## TASK REQUIREMENTS
Skip the pictures. Quote every line below, exactly, from the one with "นายวีระศักดิ์ วงษ์สมบัติ กรรมการสภามหาวิทยาลัยผู้ทรงคุณวุฒิ" through the final line.

## INFORMATION SHOWN
########

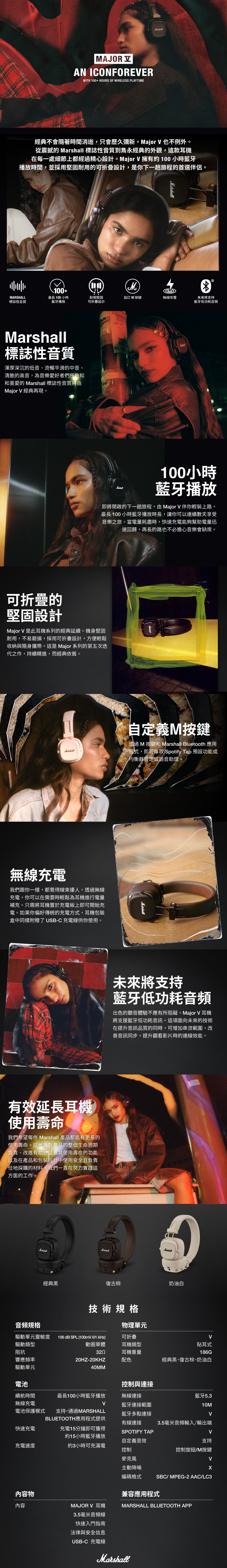 Marshall Major V 藍牙耳罩式耳機 (共三色)
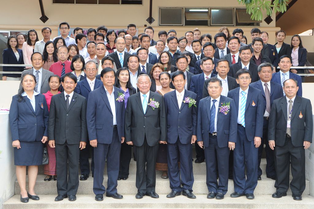 รศ.ดร.ประเสริฐ ปิ่นปฐมรัฐ อธิการบดีมหาวิทยาลัยเทคโนโลยีราชมงคลธัญบุรี นายวีระศักดิ์ วงษ์สมบัติ กรรมการสภามหาวิทยาลัยผู้ทรงคุณวุฒิ พร้อมกับผู้บริหาร ให้การต้อนรับ พลอากาศเอกวาภิรมย์ มนัสรังษี รองสมุหราชองค์รักษ์ ประธานคณะกรรมการดำเนินงานโครงการพระราชทานความช่วยเหลือส่วนพระองค์สมเด็จพระเทพรัตนราชสุดาฯ สยามบรมราชกุมารี และ ฯพณฯ IM KOCH รัฐเลขาธิการ กระทรวงศึกษาธิการ เยาวชนและการกีฬา แห่งราชอาณาจักรกัมพูชา ในโอกาสที่ร่วมกันพัฒนาหลักสูตรครูอาชีวศึกษาให้กับวิทยาลัยกำปงเฌอเตียล และศึกษาดูงานการบริหารการศึกษาและการจัดการศึกษาด้านอาชีวศึกษา ณ มหาวิทยาลัยเทคโนโลยีราชมงคลธัญบุรี
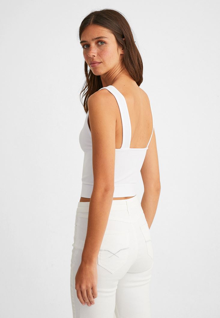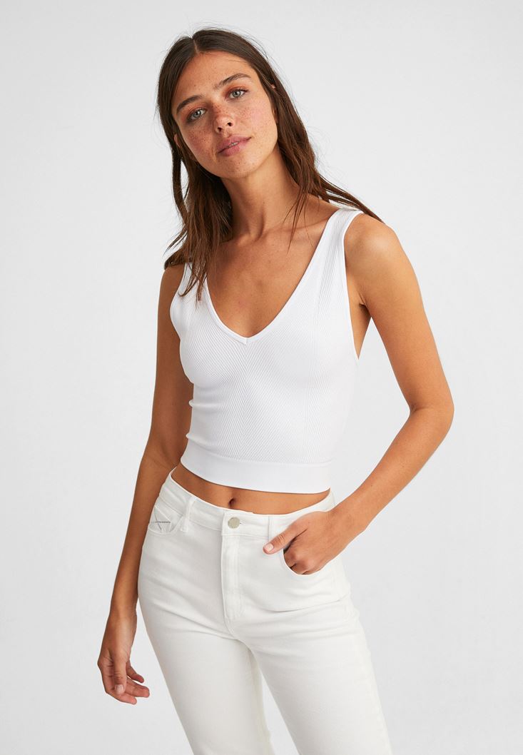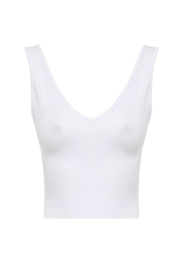 • Bayan Beyaz V Yaka Jakarlı Dikişsiz Atlet
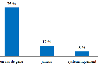 Soixante-quinze pour cent (75%) des sages-femmes n’orientaient leurs patientes chez un chirurgien-dentaire qu’en cas de manifestation de douleurs de la part de ces dernières.

########

## ANSWER
 รศ.ดร.ประเสริฐ ปิ่นปฐมรัฐ อธิการบดีมหาวิทยาลัยเทคโนโลยีราชมงคลธัญบุรี นายวีระศักดิ์ วงษ์สมบัติ กรรมการสภามหาวิทยาลัยผู้ทรงคุณวุฒิ พร้อมกับผู้บริหาร ให้การต้อนรับ พลอากาศเอกวาภิรมย์ มนัสรังษี รองสมุหราชองค์รักษ์ ประธานคณะกรรมการดำเนินงานโครงการพระราชทานความช่วยเหลือส่วนพระองค์สมเด็จพระเทพรัตนราชสุดาฯ สยามบรมราชกุมารี และ ฯพณฯ IM KOCH รัฐเลขาธิการ กระทรวงศึกษาธิการ เยาวชนและการกีฬา แห่งราชอาณาจักรกัมพูชา ในโอกาสที่ร่วมกันพัฒนาหลักสูตรครูอาชีวศึกษาให้กับวิทยาลัยกำปงเฌอเตียล และศึกษาดูงานการบริหารการศึกษาและการจัดการศึกษาด้านอาชีวศึกษา ณ มหาวิทยาลัยเทคโนโลยีราชมงคลธัญบุรี
 • Bayan Beyaz V Yaka Jakarlı Dikişsiz Atlet
 Soixante-quinze pour cent (75%) des sages-femmes n’orientaient leurs patientes chez un chirurgien-dentaire qu’en cas de manifestation de douleurs de la part de ces dernières.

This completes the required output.